Dataset content

# # # # # # #

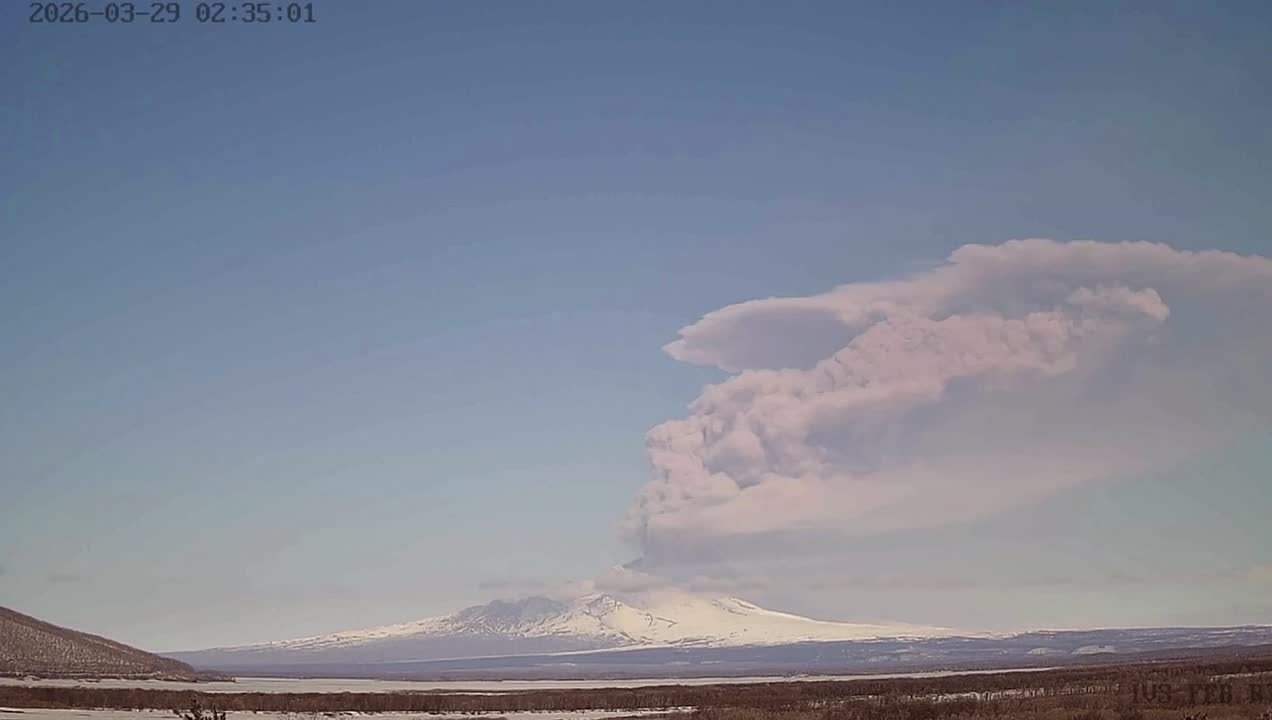 Вулкан Шивелуч на Камчатке заволновался. Красивое зрелище, хотя и страшноватое. Удивительна природа России!
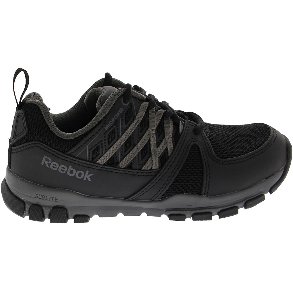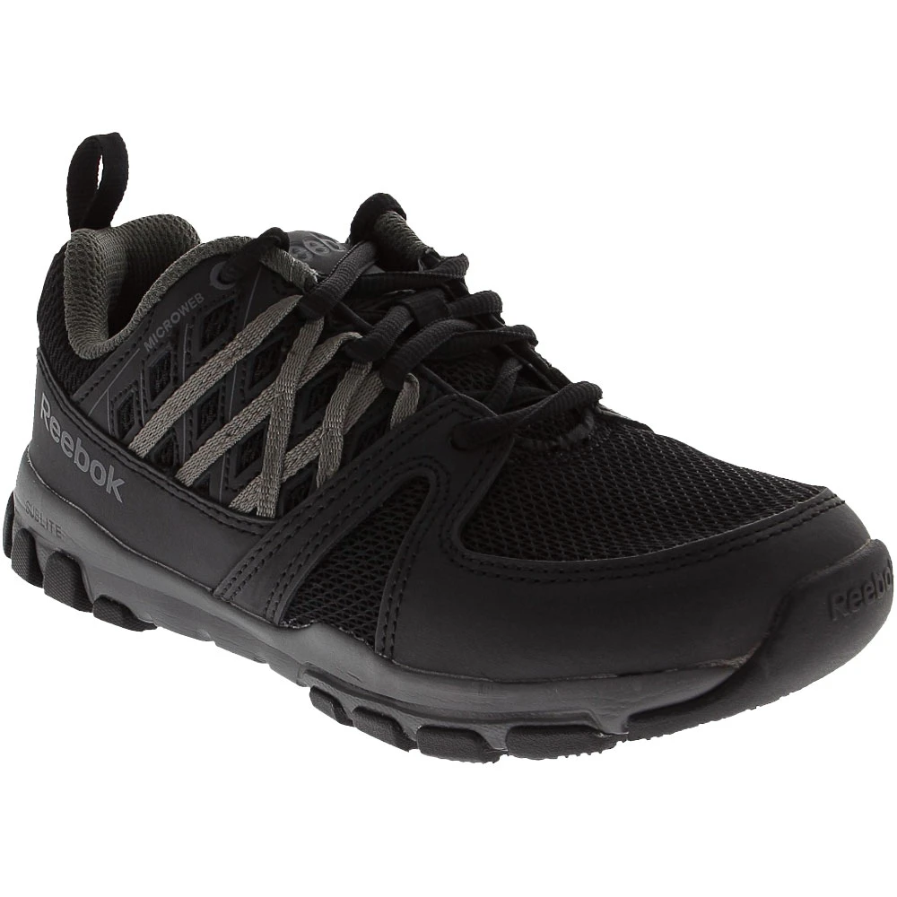 Reebok Work Sublite Esd Wos Non-Safety Toe Work Shoes – Womens. With Reebok’s Sublite Work womens soft toe work shoes, you’re ready for a full day of hard work. The Sublite features abrasion-resistant leather, mesh and MicroWeb uppers with a 100% non-metallic construction and astatic dissipating dual resistor. Moisture-wicking linings, MemoryTech memory foam inserts and Sublite EVA midsoles keep your feet cool, dry and cushioned step by step. Rubber slip-resistant outsoles deliver consistent traction on multiple surfaces.
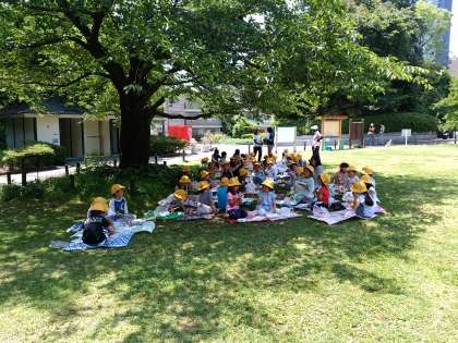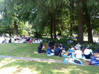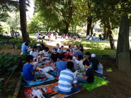 今日は学校を出て、菅刈公園の木陰でお弁当給食を食べています。

# # # # # # #

Task requirements
Output the listing exactly, pictures excluded.

Solution to the problem
 Вулкан Шивелуч на Камчатке заволновался. Красивое зрелище, хотя и страшноватое. Удивительна природа России!
 Reebok Work Sublite Esd Wos Non-Safety Toe Work Shoes – Womens. With Reebok’s Sublite Work womens soft toe work shoes, you’re ready for a full day of hard work. The Sublite features abrasion-resistant leather, mesh and MicroWeb uppers with a 100% non-metallic construction and astatic dissipating dual resistor. Moisture-wicking linings, MemoryTech memory foam inserts and Sublite EVA midsoles keep your feet cool, dry and cushioned step by step. Rubber slip-resistant outsoles deliver consistent traction on multiple surfaces.
 今日は学校を出て、菅刈公園の木陰でお弁当給食を食べています。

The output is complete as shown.